Characterizing the unusual Protein Trafficking Pathways of Plasmodium falciparum
Angelica Barrero-Tobon
Majors: Molecular Biology and Microbiology
Mentor: Dr. Debopam Chakrabarti, Burnett College of Biomedical Sciences
Angelica M. Barrero-Tobon was born in Bogota, Colombia. Her research interests include infectious diseases and public health. In addition to research through the McNair program, she is involved with the Research and Mentoring Program at UCF. She is interested in attending either UCSD or UC Berkeley to obtain a PhD in Molecular Biology, Biomedical Sciences or Molecular Pathology. Her graduate research interests include epidemiology and the public health aspect of infectious diseases.
The following abstract is from research conducted under the guidance of Dr. Debopam Chakrabarti (Burnett College of Biomedical Sciences), as part of the UCF Research and Mentoring Program (RAMP).
Malaria caused by Plasmodium falciparum afflicts an estimated 300-500 million people worldwide, and kills a child every 30 seconds in Africa. The parasite resides within human red blood cells and exports over 400 proteins into the host cell compartment that contribute to the pathophysiology of the disease.

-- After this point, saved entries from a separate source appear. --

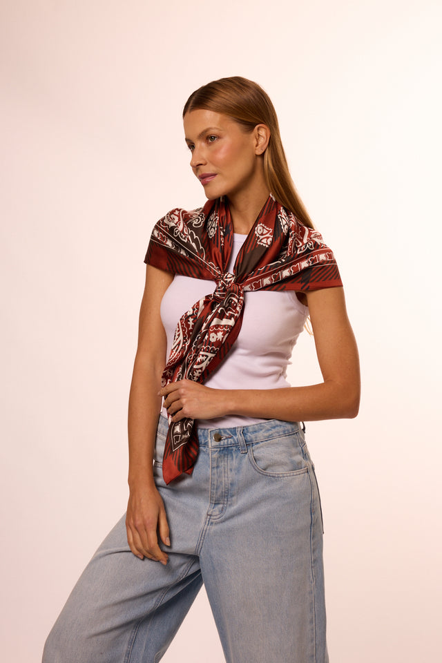 Que agora seu lenço fica sempre impecável — independente de como você usa, amarra ou movimenta. Cada volta, cada dobra e cada gesto revelam arte, cor e acabamento premium por inteiro.
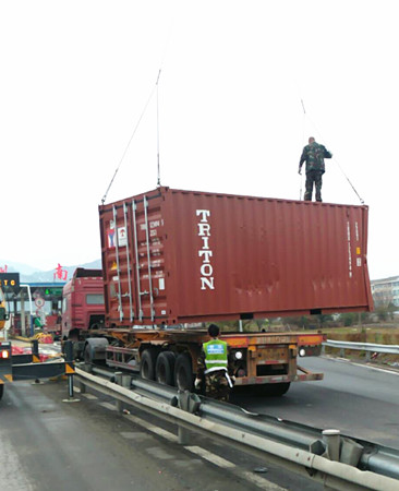 12月15日10:10分左右,一輛車牌為浙B88C06的集裝箱車在臺(tái)州南副站選擇出口車道時(shí),因變道和出口運(yùn)載汽車的長(zhǎng)掛車發(fā)生碰撞,使得未鎖牢的集裝箱箱體甩落下來,砸到護(hù)欄及進(jìn)口一輛正在通行的貨車車頭,造成護(hù)欄變形、貨車車頭受損嚴(yán)重,所幸無人員受傷。
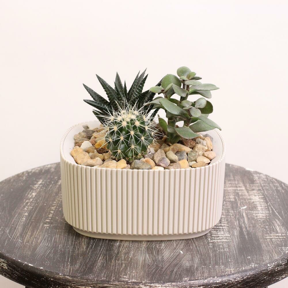 Мини садик из суккулентов в кашпо: кактус, хавортия, крассула, 15 см: сравнение цен, характеристики, фото, актуальное наличие и цены.
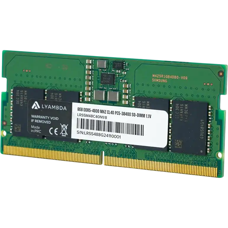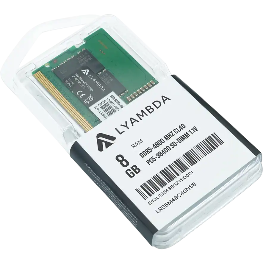 DDR5, SO-DIMM, 0.014 кг, www.lyambda.com, Lyambda, 36 мес., зелёный, 8 Гб, 1, 8 Гб, нет, 4800, 1.1, 40, 77, 38400, 30, 39, 39, LRS5M48C40N1/8, Скачать
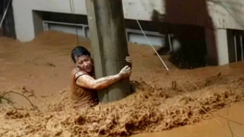 A empresária foi resgatada por vizinhos quando o nível da água começou a baixar. O filho dela também conseguiu sobreviver. Já o namorado foi levado pela enxurrada e, até a última atualização, seguia desaparecido.
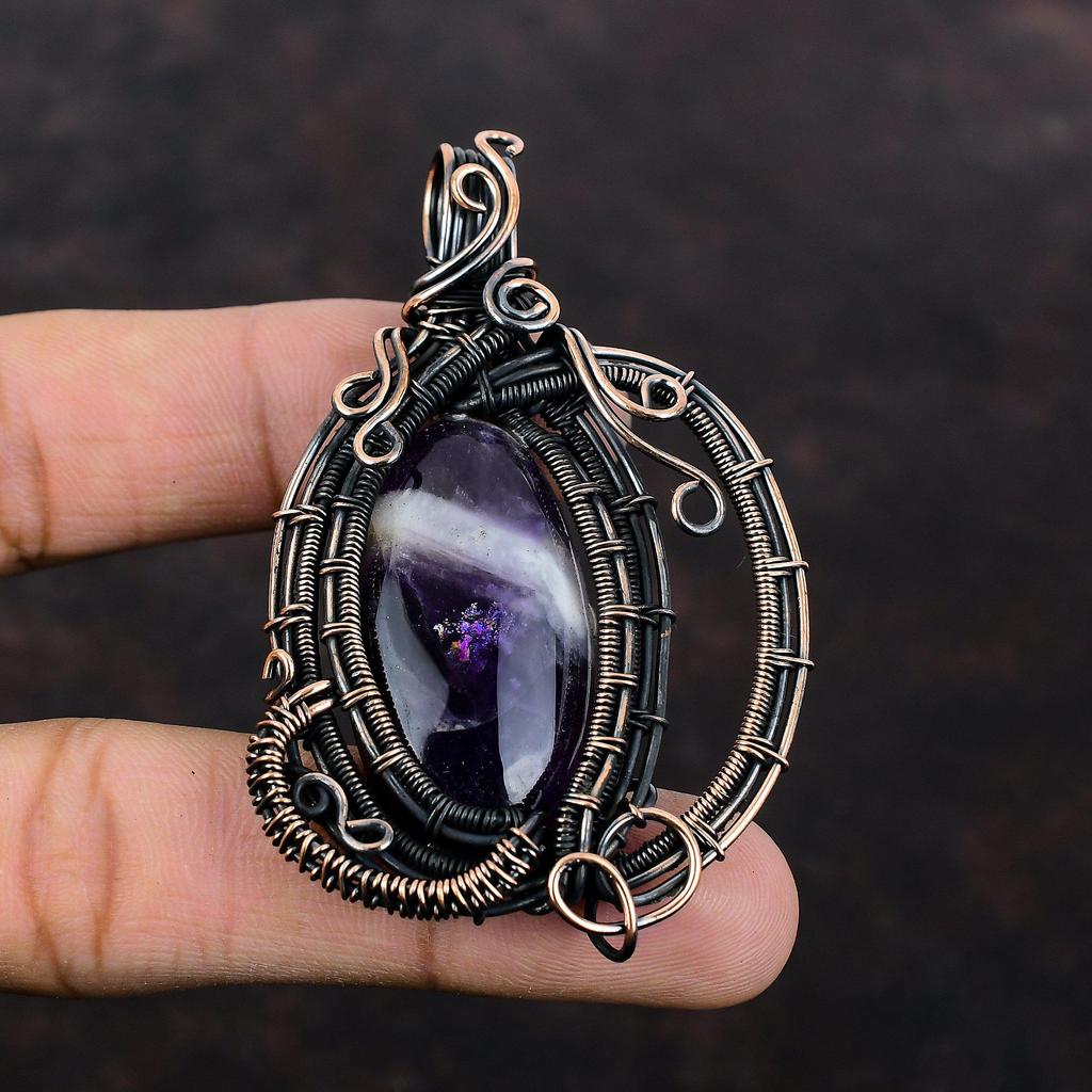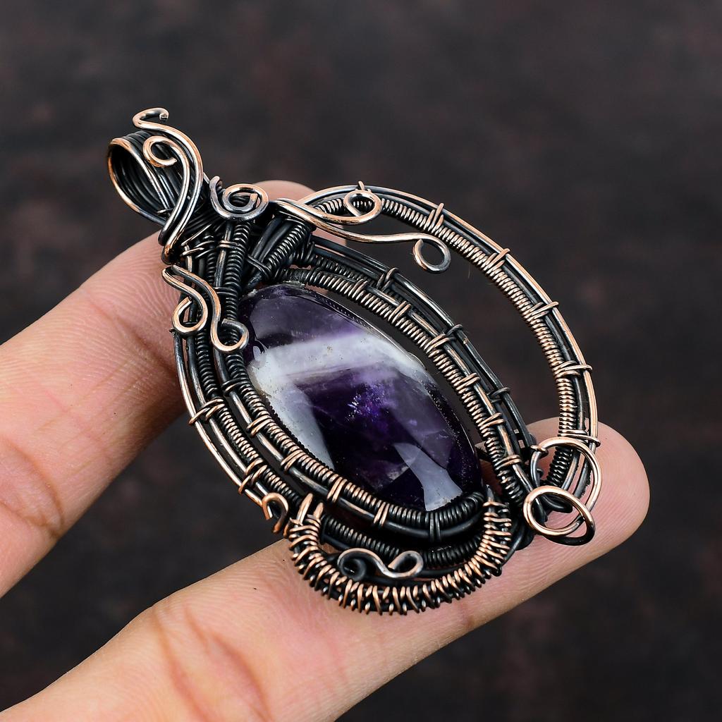 Подвеска с аметистом в виде шеврона, подвеска из медной проволоки с драгоценным камнем, подвеска ручной работы, аметист в виде шеврона, медные ювелирные изделия, этническая подвеска, подарок для женщин
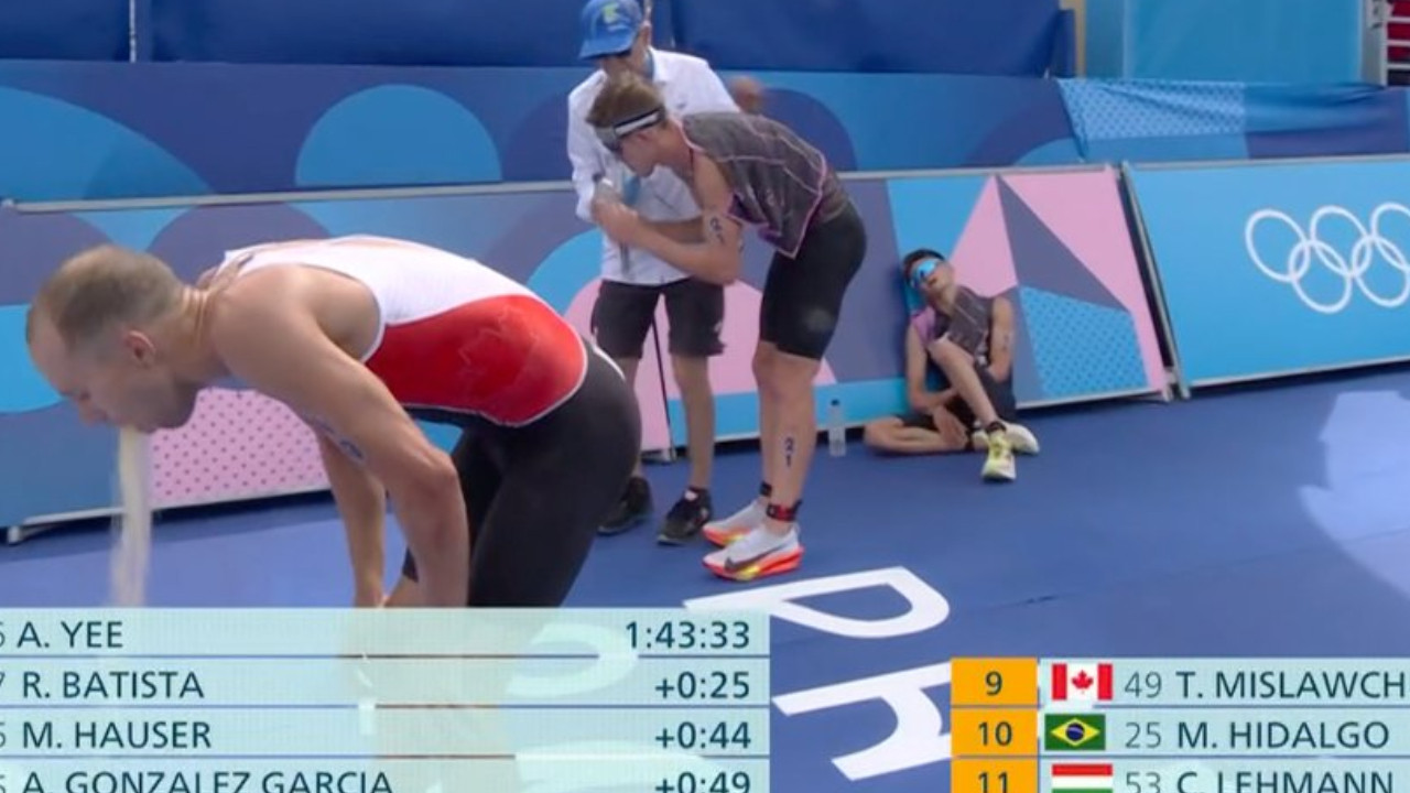 Tyler Mislawchuk, triatleta canadiense, fue captado vomitando al llegar a la linea de Meta en la competencia varonil de Triatlón en los Juegos Olímpicos de París 2024.

Transport of parasite proteins across infected red blood cells is unusual and is believed to occur through several ill-defined pathways. Malaria parasites also target nuclear-encoded proteins to several destinations within its cytoplasm, some of which are unique to this organism. The mechanisms by which parasite proteins are selectively targeted to locations within and beyond the parasite plasma membrane are not well understood, but are thought to involve transport vesicles that bud from donor membranes and migrate to target compartments where fusion occurs. Fusion of transport vesicles is mediated by members of a family of proteins called SNAREs. Recently, we reported the identification of eighteen SNARE proteins in the malaria parasite some of which exhibit novel structural features unique to Plasmodium falciparum. One such protein, PfSec22p, contains up to two transmembrane domains and was shown to localize to destinations within infected host cells different from that of its counterparts in yeast and humans. The present study aims at determining the role of the two transmembrane domains in PfSec22p functions and targeting. We have generated parasite cell lines that express either wild type or mutant forms of PfSec22p fused with green fluorescence proteins (GFP). Localization dynamics of the mutant proteins in transfected parasites will be examined by live imaging using a confocal microscopy, while subcellular locations will be determined by immunofluorescence assays using antibodies to various organellar markers. These studies contribute to current efforts aimed at understanding malaria protein trafficking pathways, and could facilitate drug development against the human plague.
The following abstract is from research conducted at the University of California at San Diego, under the guidance of Dr. Aleem Siddiqui (Division of Infectious Diseases), as part of the Summer Training Academy for Research in the Science (STARS) program.
Liver Cell Autophagy Alterations Caused by Infection with Hepatitis C Virus
Hepatitis C virus (HCV), an RNA virus that targets liver cells, is the main cause of chronic hepatitis, cirrhosis and hepatoma carcinoma. Its host cell invasion mechanism and survival is not completely understood, and only recently an efficient HCV infection system became available. The expression of viral proteins disrupts the regular processes in the cell, but maintaining minimal conditions that ensure host cell survival. Autophagy is a natural occurring process in the cell, initiated as response to viral infection, starvation, or the presence of defective organelles. As a result of autolysosome formation and cytoplasmic compartment degradation, the cell obtains raw material such as free amino acids, nucleotides or fatty acids that are then recycled. The purpose of this study is to investigate the alterations on the autophagic process due to HCV RNA genome expression. Through Western blotting analysis and immunoflourescent assays, we will determine if upon infection, autophagy is upregulated or downregulated. More specifically, we will examine Beclin 1 and LC3 proteins as autophagy markers in subgenomic replicon bearing cells and HCV infected cells. The results of this investigation are likely to reveal clues for future research of efficient treatments and possible design of antiviral strategies.